Как известно, Мусоргский сочинил «Ночь на Лысой горе», Равель – «Болеро», а Хачатурян – «Танец с саблями». Все они использовали одни и те же ноты. Вовсе не удивительно, что из пары гамм возникли и мазурки Шопена, и симфонии Бетховена. Но тот факт, что из четырех нуклеотидов, ставших изначально основой всех живых существ, возникли такие разные формы, как дрожжи и человек, – вполне может вызывать удивление. Я удивлен удивлением удивляющихся.
Сегодня полагают, что у нас только 30 тысяч генов. Это только приблизительное число, по оценкам специалистов, когда исследования продвинутся вперед, может оказаться, что генов на несколько тысяч больше.
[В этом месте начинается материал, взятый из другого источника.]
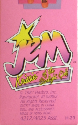 ![]() | ![]() | US Issue, © 1987 Hasbro, Inc./Pawtucket, RI 02862/All Rights Reserved./OUTFIT MADE IN CHINA./DOLL AND ACCESSORIES/MADE IN HONG KONG./4212/4025 Asst. H-29 |

Еще год назад считалось, что их имеется 80 тысяч, а некоторые говорили даже о 120 тысячах.
Как это возможно, чтобы 30 тысяч генных «слов» хватило для производства тысяч и сотен тысяч различных «предложений»? Гены дают начало определенным аминокислотам, которые пока неизвестным способом начинают друг к другу приспосабливаться. Мы имеем как бы эскизный план кафедрального собора, но отдельные кирпичи или камни обладают – не так, как в архитектуре, – дополнительной способностью приспосабливаться к формам, которые заданы только общим эскизом.
Одни и те же гены в разных конфигурациях и соединениях могут участвовать в формировании очень разных свойств организма. Это не похоже на качественную инженерную работу: ведь никто, строя дом, не возводит сперва камин со вторым этажом, а только потом остальное, мы строим запланированным и упорядоченным способом. Здесь же мы имеем порядок, который возникает из первоначального беспорядка, сам по себе вслепую создается из хаоса.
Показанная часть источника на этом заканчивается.